Guess what, there are.

Of course, I did what any sane CS person would do and submitted all the implementations I could find to some rigorous testing.
This post is about the results of that testing.
Two things I was most interested in:

  1. Completeness: in layman’s terms, how good the parser is at its job. Testing if it parses and also if it compiles with PHP, and
  2. Speed: how fast they are (both startup and parsing speed).

I found and tested 6 implementations:

array('haml2php', 'mthaml', 'fammel', 'connec_phphaml', 'phamlp', 'phphaml', 

For testing I used all the different .haml files that the parsers themselves came with (124 in all), I also added a couple myself to test some specific things.
I had to rewrite some of them a little, because they used ruby code, and for this we needed php code.
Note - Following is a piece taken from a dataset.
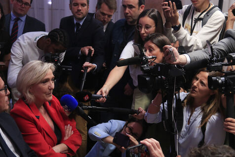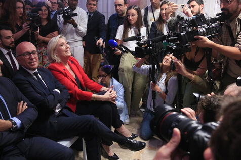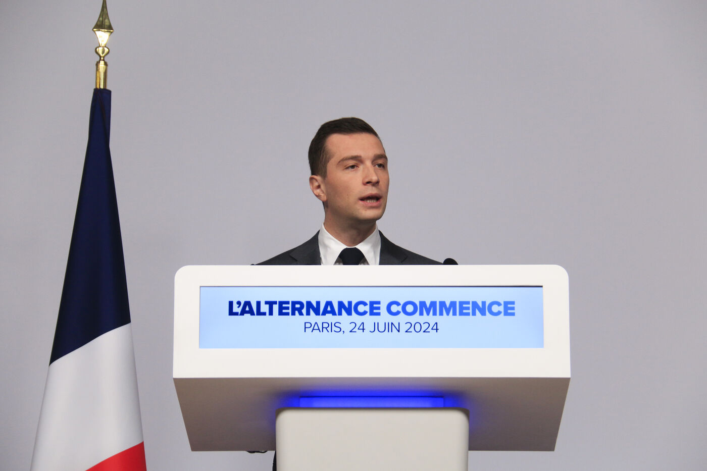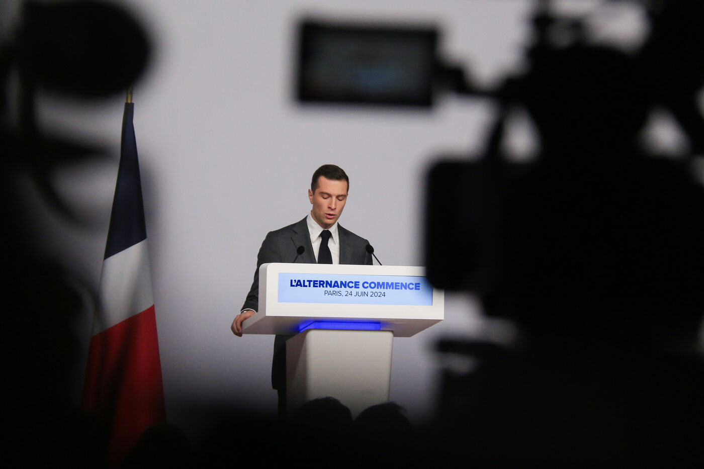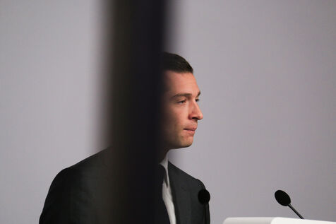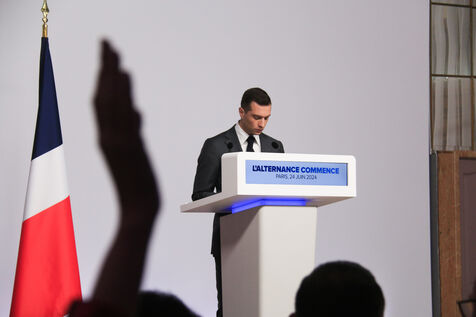 Jordan Bardella presented his program with figures in a press conference as part of the legislative elections in Paris on June 24, 2024.
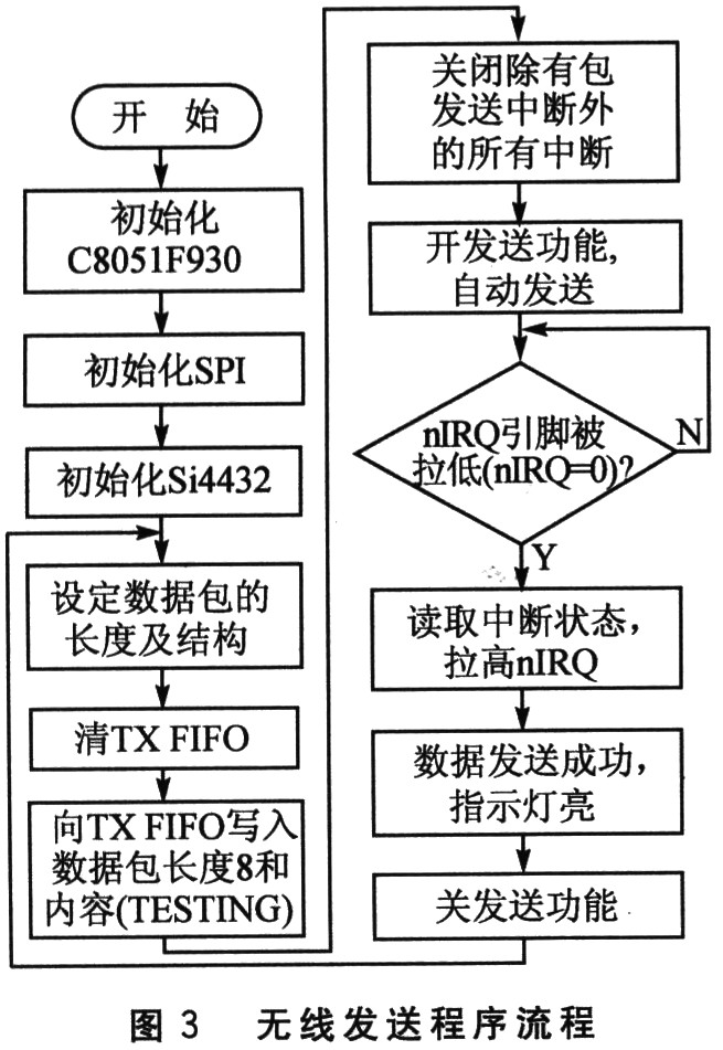 软件编程采用模块化设计思想,系统中各主要功能模块均编成独立的函数由主程序调用。功能模块包括:初始化程序(包括初始化C8051F930、SPI、Si4432),无线发送程序,无线接收程序等。无线发送程序负责写入数据载荷,并根据通信协议为数据载荷加上前导码、同步字、数据载荷长度及CRC校验字节,形成数据包将其发送出去;无线接收程序负责接收并检验数据包中的CRC字节,以确保接收到的数据的正确性。

I also did some changes to the parsers themselves, mostly cosmetical though, like throwing them into their own namespace (so they’d play well together, since they tend to have the same classnames – think Parser, Haml) or changing some accessor modifiers (so I could call the parse functions from the outside).

There are two main schools of compiler-writing present in this field.
Fammel is the only one going the traditional way of having a grammar. It uses lime to turn that into a parser and lexer. One problem with that approach in connection with SASS is that Sass is not completely context-free. Happily, fammel only compiles Haml. It is still far from complete, though. The fact that fammel sports a decent result of 75% success rate is because half of the test .haml files came with fammel (so it knows how to parse them).
Every other compiler uses RegExes in some fashion or other.

I also found quite a few of the .haml files not to be correct haml files (read syntax errors), so I threw them into a special folder called ‘invalid’ which signals to the testing code that those should not parse. Some of the parsers do, however, parse the erroneous scripts, which I then don’t count towards the overall result.
Haml itself is very good in that it even parses the contained ruby code in the template, and throws an error if its not syntactically correct, which sadly also prevents us from running the same templates trough haml for comparison. All the PHP compilers do not parse PHP, so if we want to test the compiled .php files for syntactical correctness we have to save them somewhere and run them thru ‘php -l’. Trying to include or eval files with parse errors in them, throws a Fatal error which cannot be caught and terminates the script.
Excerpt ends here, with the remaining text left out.